*Task statement*
Everything from the line with "Confvtacio Apologiae Cvivsdam" through the last line of the data below should be copied exactly, apart from the pictures.

*Data section*
=== Begin Enclosure ===

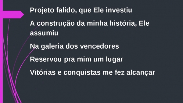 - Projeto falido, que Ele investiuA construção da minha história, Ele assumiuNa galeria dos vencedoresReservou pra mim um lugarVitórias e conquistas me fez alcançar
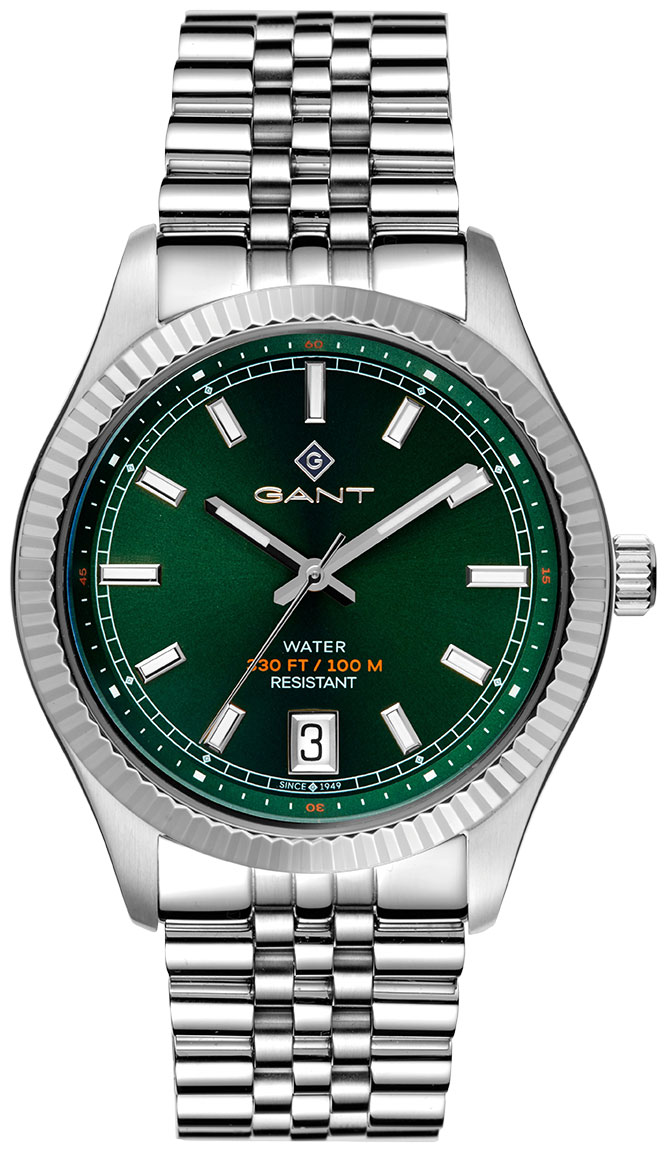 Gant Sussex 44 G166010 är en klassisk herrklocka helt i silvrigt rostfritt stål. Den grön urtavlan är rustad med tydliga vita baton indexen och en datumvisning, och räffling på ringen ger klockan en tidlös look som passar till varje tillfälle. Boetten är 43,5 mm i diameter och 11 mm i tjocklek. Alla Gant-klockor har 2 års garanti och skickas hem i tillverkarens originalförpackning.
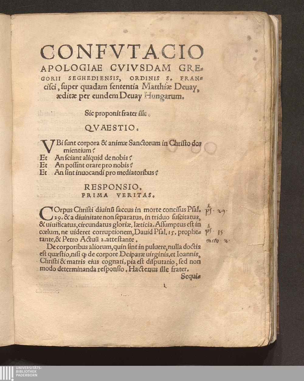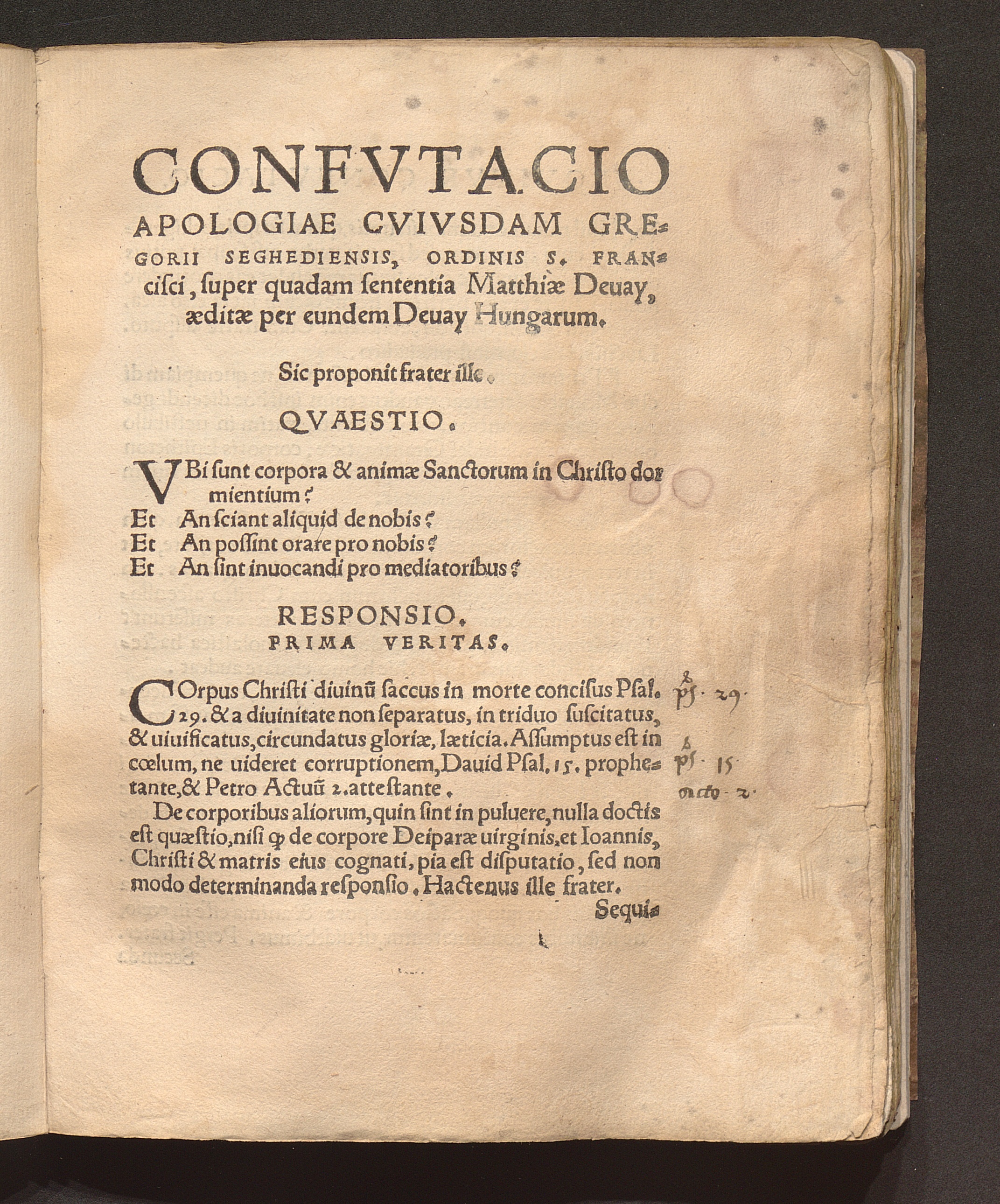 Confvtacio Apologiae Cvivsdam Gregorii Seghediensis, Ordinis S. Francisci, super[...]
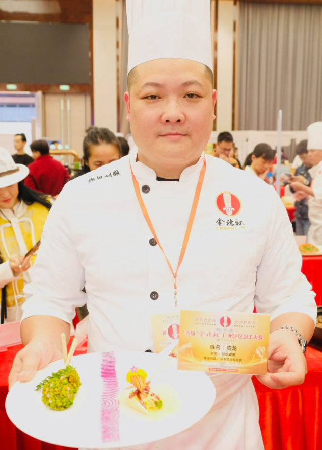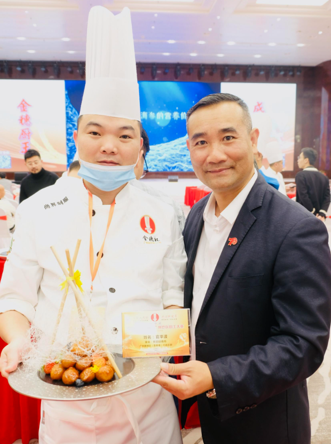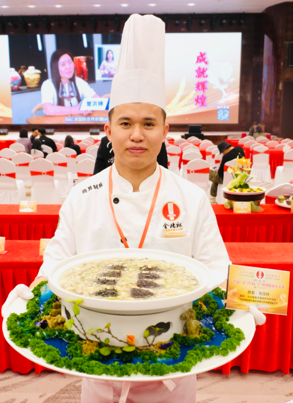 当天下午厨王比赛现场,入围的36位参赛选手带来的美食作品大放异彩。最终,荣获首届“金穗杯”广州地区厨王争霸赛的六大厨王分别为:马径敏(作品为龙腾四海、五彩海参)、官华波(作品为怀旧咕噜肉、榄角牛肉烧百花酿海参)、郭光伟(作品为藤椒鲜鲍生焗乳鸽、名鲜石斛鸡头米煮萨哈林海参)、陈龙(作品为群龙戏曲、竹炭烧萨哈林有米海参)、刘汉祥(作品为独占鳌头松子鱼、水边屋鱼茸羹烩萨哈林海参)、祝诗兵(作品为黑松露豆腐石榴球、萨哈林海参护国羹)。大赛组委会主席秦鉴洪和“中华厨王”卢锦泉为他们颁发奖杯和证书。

=== End Enclosure ===

*Task solution*
 Confvtacio Apologiae Cvivsdam Gregorii Seghediensis, Ordinis S. Francisci, super[...]
 当天下午厨王比赛现场,入围的36位参赛选手带来的美食作品大放异彩。最终,荣获首届“金穗杯”广州地区厨王争霸赛的六大厨王分别为:马径敏(作品为龙腾四海、五彩海参)、官华波(作品为怀旧咕噜肉、榄角牛肉烧百花酿海参)、郭光伟(作品为藤椒鲜鲍生焗乳鸽、名鲜石斛鸡头米煮萨哈林海参)、陈龙(作品为群龙戏曲、竹炭烧萨哈林有米海参)、刘汉祥(作品为独占鳌头松子鱼、水边屋鱼茸羹烩萨哈林海参)、祝诗兵(作品为黑松露豆腐石榴球、萨哈林海参护国羹)。大赛组委会主席秦鉴洪和“中华厨王”卢锦泉为他们颁发奖杯和证书。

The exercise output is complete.